Come si analizza il piombo nell’acqua (GFAAS)

Come si analizza il piombo nell’acqua (GFAAS): strumentazione, procedura e cosa aspettarsi dal referto. Laboratorio ISO/IEC 17025.

A cura di Redazione LaboratorioAcqua · Revisione tecnica: Dott. Francesco Cavallari - Direttore Tecnico (Ordine Chimici Roma n. 3127)

Risposta rapida

Il metodo GFAAS (spettrometria di assorbimento atomico in fornetto di grafite) determina il piombo nell’acqua misurando quanta luce, a una lunghezza d’onda caratteristica dell’elemento, viene assorbita dagli atomi liberi di piombo generati riscaldando una piccola quantità di campione in un tubo di grafite a temperature crescenti. È una tecnica molto sensibile, adatta a rilevare concentrazioni molto basse, per questo largamente impiegata per un parametro come il piombo il cui valore di riferimento normativo è basso. Il dato finale viene riportato nel referto con unità di misura, metodo e incertezza associata.

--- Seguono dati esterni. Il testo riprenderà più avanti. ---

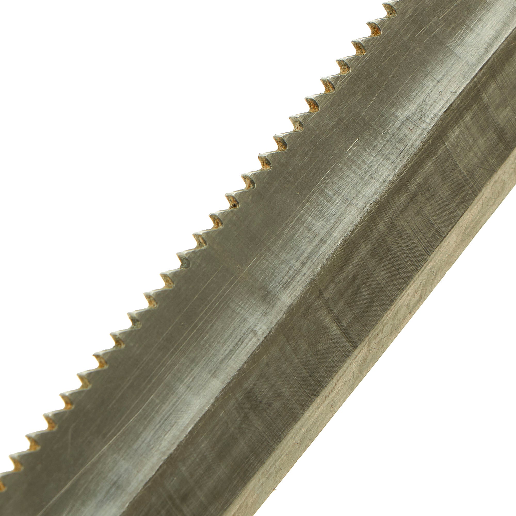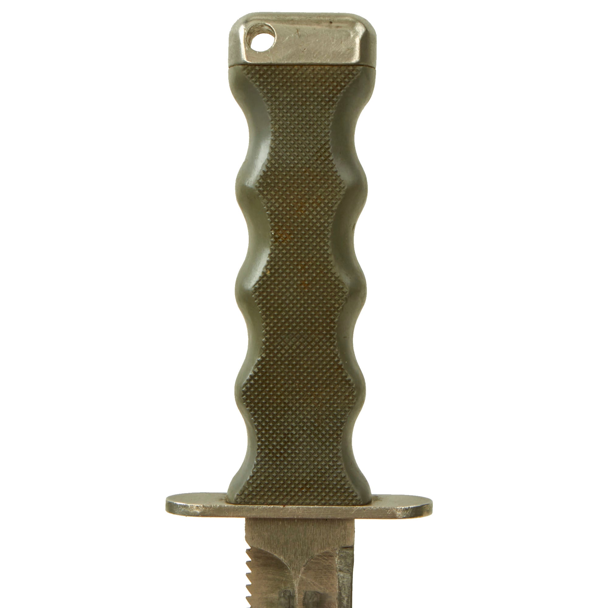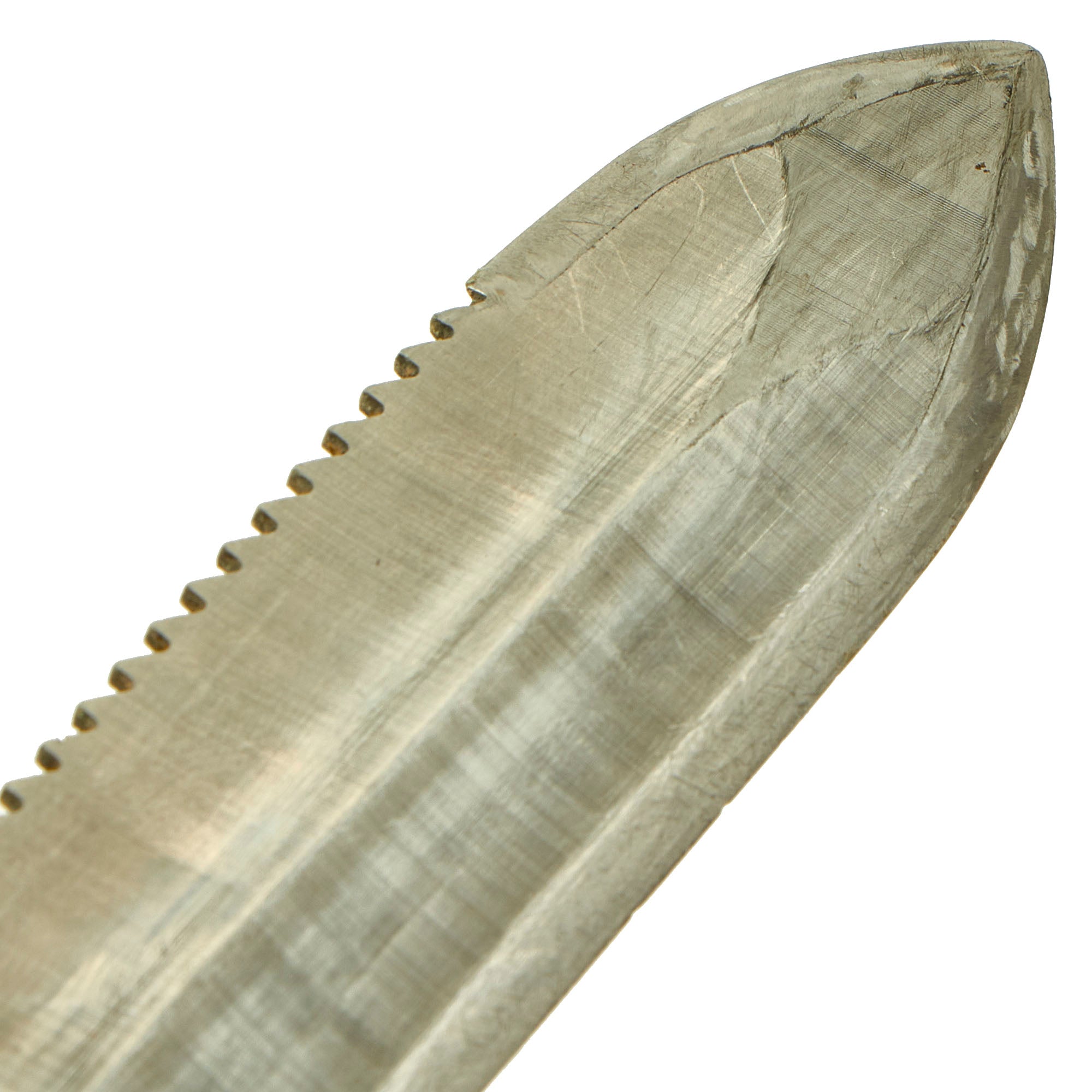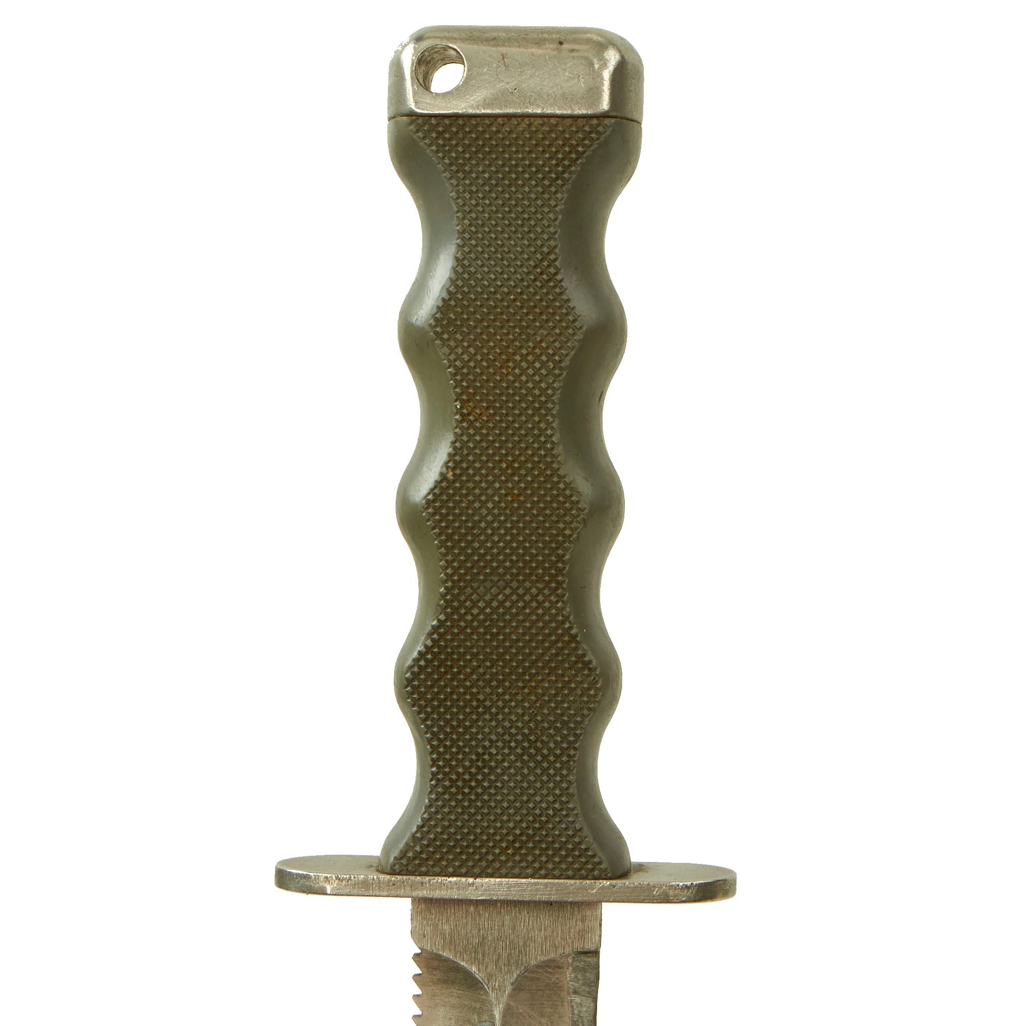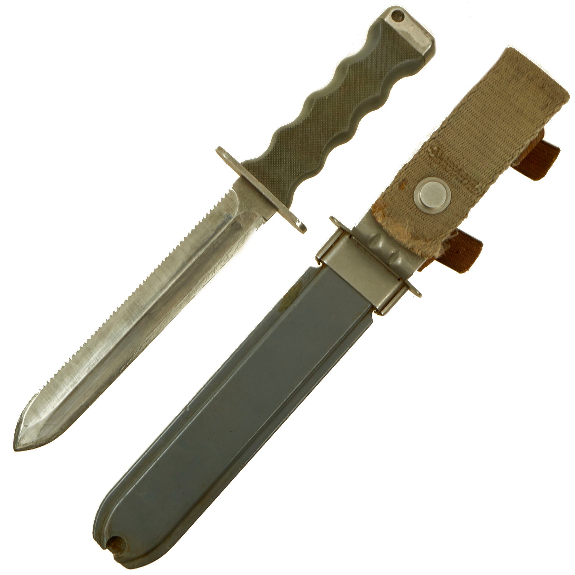 The Knife is made of Haynes Alloy no. 25 which is Copper-Chromium-Tungsten-Nickel Alloy, similar to Stellite. It is non-magnetic, non-sparking and non-rusting even in seawater, yet unlike many other non-ferrous metals like the titanium used in other high grade combat knives, it has the ability to be hardened to allow it to hold a cutting edge with a Rockwell “C” scale value of 53 to 54 which is per the final Naval specification. The specification also stated that the saw edge of the knife be capable of cutting through steel cable that the Diver may encounter on a mission. The Knife and Scabbard set had to pass a magnetic test of under 0.1 millioersted to be accepted per the Milspec.

Questa pagina fa parte dei metodi analitici per l’acqua usati da un laboratorio accreditato e approfondisce, in modo specifico, la tecnica strumentale più diffusa per determinare il piombo in tracce: la spettrometria di assorbimento atomico in fornetto di grafite, comunemente indicata con l’acronimo inglese GFAAS. Se cerchi un inquadramento generale sul parametro piombo, sui valori limite o su come richiedere l’analisi, trovi le pagine dedicate più avanti; qui l’obiettivo è spiegare, senza tecnicismi eccessivi ma con precisione, cosa succede davvero al campione una volta arrivato in laboratorio.

In breve

  • Il GFAAS (Graphite Furnace Atomic Absorption Spectrometry) è una tecnica di spettrometria di assorbimento atomico che usa un tubo di grafite riscaldato elettricamente per trasformare il piombo del campione in atomi liberi, la cui capacità di assorbire luce viene misurata per risalire alla concentrazione.
  • È una tecnica particolarmente sensibile, adatta a rilevare concentrazioni molto basse di metallo, condizione importante per un parametro come il piombo che ha un valore di riferimento normativo contenuto.
  • L’analisi procede per fasi termiche successive: essiccamento del campione, mineralizzazione (o pirolisi) della matrice, atomizzazione e lettura del segnale, seguite da una fase di pulizia del tubo.
  • Spesso si usa un modificatore di matrice, una sostanza aggiunta al campione che stabilizza il piombo durante il riscaldamento e migliora l’affidabilità della misura.
  • Il GFAAS non è l’unico metodo possibile: alcuni laboratori impiegano anche la spettrometria di massa con plasma accoppiato induttivamente (ICP-MS), specie per pannelli con molti metalli insieme.
  • Il risultato finale è espresso in microgrammi per litro (µg/L) e confrontato con il valore di parametro del D.Lgs. 18/2023 per il piombo nell’acqua destinata al consumo umano.
  • Il dato è affidabile solo se il laboratorio applica controlli di qualità (bianchi, standard di verifica, prove di recupero) e opera secondo un sistema tracciabile, come richiesto dall’accreditamento.
  • Per il percorso pratico di richiesta, campionamento e lettura del referto, la pagina di riferimento è analisi del piombo nell’acqua: metodo e come richiederla.

Cos’è il metodo GFAAS

Il GFAAS è una tecnica di spettrometria di assorbimento atomico che utilizza un piccolo tubo di grafite, riscaldato elettricamente, come camera in cui il campione viene portato a temperature crescenti fino a liberare gli atomi dell’elemento cercato. Una sorgente di luce, specifica per il piombo, attraversa il tubo: gli atomi liberi di piombo assorbono una parte di questa luce, a una lunghezza d’onda caratteristica dell’elemento, in misura proporzionale alla loro concentrazione. Il rivelatore dello strumento misura quanta luce viene assorbita e da questo valore, tramite una curva di taratura costruita con standard di concentrazione nota, il software dello strumento risale alla concentrazione di piombo nel campione.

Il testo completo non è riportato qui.